This is the backside of some of the better junipers!

Junipers have a bad reputation. They earned it at a time when they were too common. Too many were installed into situations that they were not appropriate for. As they grew, they were unpleasant to handle. If not handled enough, they became overgrown and shabby. Once that happened, there were nearly impossible to prune back into confinement without being ruined.

I was never one to completely subscribe to that bad reputation. There were just too many junipers that I really liked, particularly the Hollywood juniper and the Hetz blue juniper. There were a few that I disliked, and I still loath the common tam juniper, but they were in the minority, and happen to be the same sort that are becoming more scarce.

For landscape situations that they happen to conform to, there really is no reason for junipers to be any less appropriate than any other genus is. They are happy with local climates and soil types. Once established, they do not need much water at all, and many need no supplemental irrigation. They last for a very long time. Best of all, they need only minimal maintenance.

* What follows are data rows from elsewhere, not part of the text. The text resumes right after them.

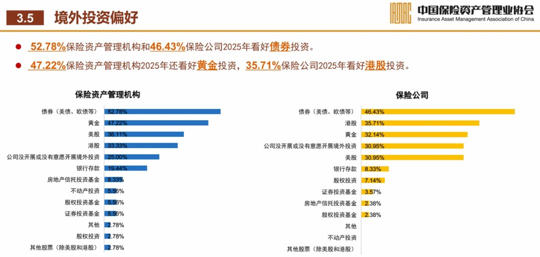 境外投资方面,债券投资2025年受到保险机构青睐,同时有四成保险机构还看好黄金投资和港股投资。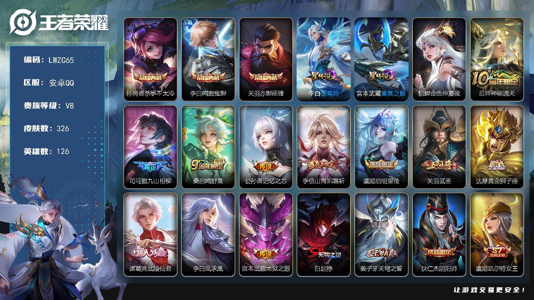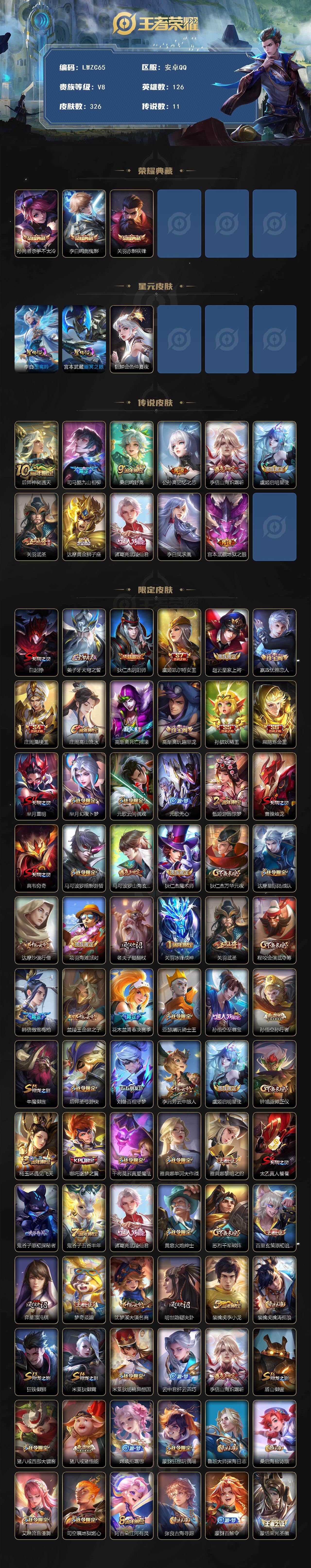 [15080816]【店主推荐捡漏号!可直接换绑】安卓Q-V8-最强王者段位39段对抗路小国标哪吒-126英雄-326皮肤-3典藏皮肤-11传说-85史诗-3星元 【英雄全皮】:孙权全皮,蒙恬全皮,空空儿全皮 【荣耀典藏】:孙尚香杀手不太冷,李白鸣剑曳影,关羽赤影疾锋 【传说皮肤】:后羿神树通天,司马懿九山相柳,桑启鸣野蒿,公孙离记忆之芯,李信山海炽霜斩,虞姬启明星使,关羽武圣,达摩黄金狮子座,诸葛亮武陵仙君,李白凤求凰,宫本武藏地狱之眼 【限定皮肤】:白起狰,姜子牙天穹之誓,狄仁杰阴阳师,虞姬凯尔特女王,赵云皇家上将,嬴政优雅恋人,庄周蜃楼王,庄周高山流水,高渐离死亡摇滚,高渐离玩趣恶龙,孙膑妖精王,扁鹊炼金王,芈月重明,芈月幻夜卜梦,元歌云间偶戏,元歌无心,甄姬游园惊梦,曹操烛龙,典韦穷奇,马可波罗暗影游猎,马可波罗山海玄木吟,狄仁杰魔术师,狄仁杰万华元夜,达摩星际陆战队,达摩沙漠行僧,项羽海滩派对,老夫子醍醐杖,关羽冰锋战神,关羽武圣,程咬金演武夺筹,韩信傲雪梅枪,兰陵王金庭之子,花木兰青春决赛季,亚瑟潮玩骑士王,孙悟空至尊宝,孙悟空孙行者,牛魔御旌,后羿圣弓游侠,刘备百相守梦,李元芳云中旅人,虞姬启明星使,钟馗驱傩正仪,杨玉环遇见飞天,哪吒逐梦之翼,干将莫邪真爱魔法,雅典娜单词大作战,雅典娜黎明之约,太乙真人饕餮,鬼谷子原初探秘者,鬼谷子五谷丰年,诸葛亮武陵仙君,黄忠火炮绅士,苏烈千军破阵,百里玄策原初追逐者,弈星混沌棋,梦奇顽趣,沈梦溪大漠名商,明世隐疑决卦,裴擒虎李小龙,裴擒虎擒涛扼浪,狂铁御狮,米莱狄御霄,米莱狄胡桃异想国,云中君纤云弄巧,李信山海炽霜斩,盾山御銮,猪八戒西部大镖客,猪八戒猪悟能,嫦娥拒霜思,蒙犽狂想玩偶喵,鲁班大师探海日志,桑启海盐诗旅,艾琳流音漫舞,司空震地狱燃心,阿古朵江河有灵,张良古海寻踪,蒙犽百解令,蒙恬荣光圣徽,鬼谷子天穹祈灯,沈梦溪龙舞盛年,刘邦剑破天穹,周瑜熔金海岸 【年限皮肤】:李白凤求凰,马超神威,关羽武圣,马可波罗山海玄木吟,李信山海炽霜斩 【赛季限定】:庄周蜃楼王,孙膑妖精王,扁鹊炼金王,白起狰,芈月重明,曹操烛龙,典韦穷奇,狄仁杰万华元夜,达摩沙漠行僧,老夫子醍醐杖,程咬金演武夺筹,兰陵王金庭之子,张良古海寻踪,牛魔御旌,李元芳云中旅人,虞姬凯尔特女王,钟馗驱傩正仪,雅典娜黎明之约,太乙真人饕餮,鬼谷子原初探秘者,苏烈千军破阵,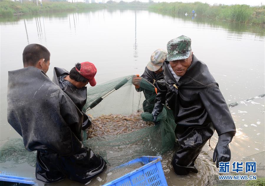 9月15日,河北省唐山市曹妃甸区第一农场职工从水塘中捕捞养殖的对虾。 新华社记者马宁/摄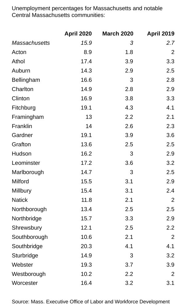 Some communities have been hit especially hard. Worcester city’s unemployment rate jumped to 16.4% from 3.2%, with roughly 11,000 more city residents claiming unemployment. Fitchburg’s rate rose to 19.1% from 4.3%, and Southbridge hit 20.3% from 4.1%.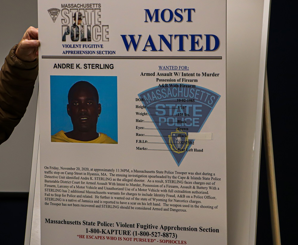 During the press conference Cape and Islands District Attorney Michael O’Keefe urged Sterling to turn himself in so that there will be no harm to the public and so “that there will be no harm that will come to Mr. Sterling if he makes the wise decision to – wherever he is – to reach out to the police department in the town wherever he is and make an arrangement to surrender himself, or certainly he could call that phone number.” The phone number that Mr. Sterling – or anyone with information on his whereabouts – is urged to call is 1-800-KAPTURE (or 1-800-527-8873).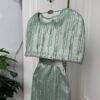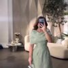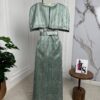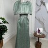 فستان بأناقة راقية وتصميم مناسب للسهرات والمناسبات الخاصة. يأتي بعد بعد أخضر زيتي ناعم وهادئ، فريد من القماش الفاخر مزخرف بخيوط زجاجي وتطريزات دقيقة على امتداد الاختلاف، خاصة في القسم السفلي منه، مما يضفي عليه لمسة من الرقي والخامة
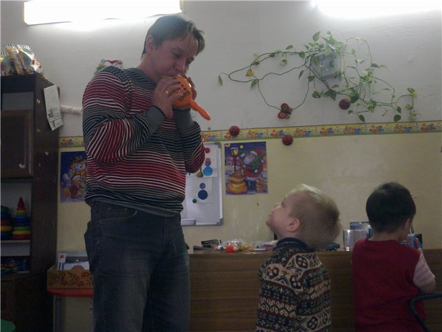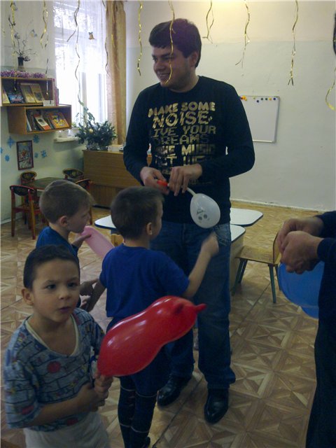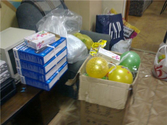 Нам, как всегда рады. Потихоньку перетаскав коробки и пакеты по скользкой лестнице, рассортировали "подарки" и разбрелись по группам. Сначала на первом этаже, потом перешли на второй. В первой группе, я опять побеседовал с воспитателем(не знаю как её зовут)с которым разговаривал в прошлую поездку на предмет "актуальных" нужд ДД. Прошлись по предыдущему списку, кое чего вычеркнули, кое чего добавили. Видно, что она(воспитатель) искренне "болеет" за детей и ей действительно "интересно" с ними заниматься. Ребята конечно же рады гостям, чего то там орут, тащат каждый за собой, хвастаются подарками. Шум, гвалт, возня. В общем, для них, это конечно же целое событие. В других группах явно не тише. Надувные шарики - хит сезона, а если учесть что насос оказался почему то один, собралась целая очередь, даже подраться успели. К слову сказать, все детишки одеты, выглядят опрятно, даже разглядели на них обувь, которую привозили в прошлый раз. Мальчиков заметно больше девочек, в одной группе вообще одни мальчишки. В старших группах, дети в большинстве обычные ребятки, особых отклонений не заметно. Видно как с возрастом и заботами воспитателей, детки меняются в лучшую сторону.

However, even some of the best junipers are not perfect. I know. I just needed to work with some that were installed in 1980, and, except for getting pruned back around the edges, were completely ignored. After days of trying to tame them, I can not longer deny that some of what I have not wanted to believe about them is very true.

Besides all the trash and road debris that had been dumped into them during the past four decades, they were thickly infested with Himalayan blackberry. Removing the bramble was not only wickedly unpleasant, but it exposed bare spots where juniper foliage had been shaded out. Removal of a few junipers that had been overwhelmed and died left even more bare spots.

Well, I could not just leave all the dead twiggy growth under the bars spots, so tried to remove some of that too. That only exposed more of what what under and behind it, and caused the well foliated stems above to sag into the whole mess. In the end, the junipers are an unsightly mess, and I know that they will stay that way for a very long time.

Removal of all the bramble and dead junipers exposes a lot of bare branches.

6 thoughts on “Horridculture – Jumpin’ Juniper!

  1. They are hard to handle. There are some in my mother’s neighborhood, near the sidewalks and she loathes them, but I think they’re kind of pretty and they smell nice. Still, looking at the mess you found, I guess, like most things, they need the right situation and the right care.

    Liked by 1 person

    1. These were actually a good choice for the particular situation, and needed almost no maintenance in the past four decades. However, the little bit of maintenance they needed but did not get was very important. If the bramble had been removed, they would be in good condition now. I do not particularly like how they were chopped around the edges, but until I tried to correct it, it really was not a problem.
      Eventually, I intend to plant two Eastern red cedars that I brought back from Pecan Valley Junction. I know that not many people like them, and that there are prettier junipers. They should go where they get plenty of space to develop sort of naturally.


  2. Ugh, I detest that awful blackberry!! We have tons of it up here, too, and although the berries are tasty, I would much rather prefer they weren’t here. They are wicked plants… That said, I think there is a lot to love about junipers, but your photos certainly prove their reputation. Like arborvitae, once they’ve been left to look bad, there really is no way to make them look good again.

    Liked by 1 person

    1. The blackberries actually made a jelly that won second place at the Santa Cruz Mountains Harvest Festival two years ago. There are more docile garden varieties though. The native blackberries grow right across the road. I would like to cultivate them.